Nephrogenic syndrome of inappropriate antidiuresis

Abstract

The syndrome of inappropriate antidiuretic hormone secretion (SIADH) is a common cause of hyponatremia. We describe two infants whose clinical and laboratory evaluations were consistent with the presence of SIADH, yet who had undetectable arginine vasopressin (AVP) levels. We hypothesized that they had gain-of-function mutations in the V2 vasopressin receptor (V2R). DNA sequencing of each patient's V2R gene (AVPR2) identified missense mutations in both, with resultant changes in codon 137 from arginine to cysteine or leucine. These novel mutations cause constitutive activation of the receptor and are the likely cause of the patients' SIADH-like clinical picture, which we have termed "nephrogenic syndrome of inappropriate antidiuresis."

Figure 1. Nucleotide Sequence of the Wild-Type and Two Mutant AVPR2 Genes in the Affected Region (Panel A) and Diagram of V2R (Panel B)

In Panel A, the normal CGC sequence encoding R137 is changed to TGC (R137C) in Patient 1 and to CTC (R137L) in Patient 2. In Panel B, R137 is indicated. The inset highlights changes in R137 that result in either congenital nephrogenic diabetes insipidus or NSIAD.

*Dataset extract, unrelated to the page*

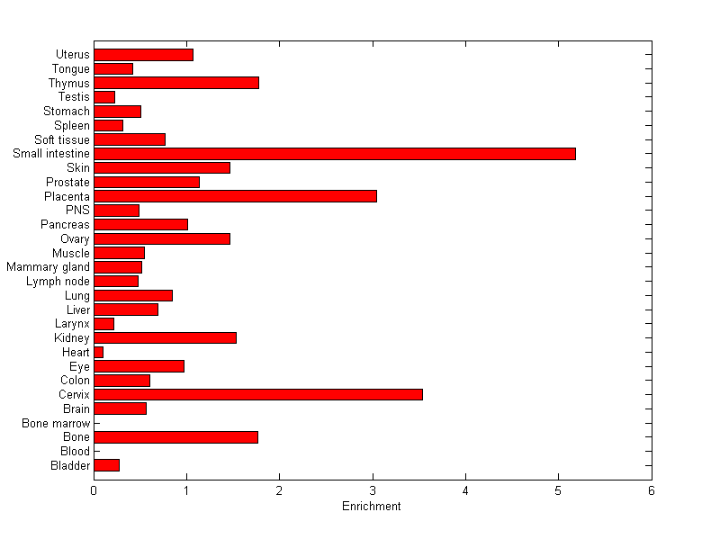 The expression level is normalized with tissue-library size. Each value for a gene in a tissue is a ratio of observed ESTs to the expected one in this tissue. The expected number of ESTs is the product of total ESTs of the gene and the fraction of total ESTs in the tissue among all ESTs in 30 tissues.

Figure 2. Basal Levels of cAMP Production in Cells Expressing Wild-Type and Mutant V2R

The ability of the mutant V2R from each patient to induce cAMP, as measured by a cAMP-inducible luciferase reporter, was evaluated. Each bar represents cells transfected with the renilla luciferase expression vector, the cAMP-inducible luciferase reporter plasmid, and pCDNA3 either alone (control), reflecting basal cAMP levels in the cells, or with the following inserts subcloned into the pCDNA3 plasmid: wild-type V2R; R137H mutant V2R, found in some patients with nephrogenic diabetes insipidus; R137C mutant V2R, found in Patient 1; or R137L mutant V2R, found in Patient 2. Each value represents the mean (±SE) of three independent experiments with all five samples run simultaneously, each performed in triplicate.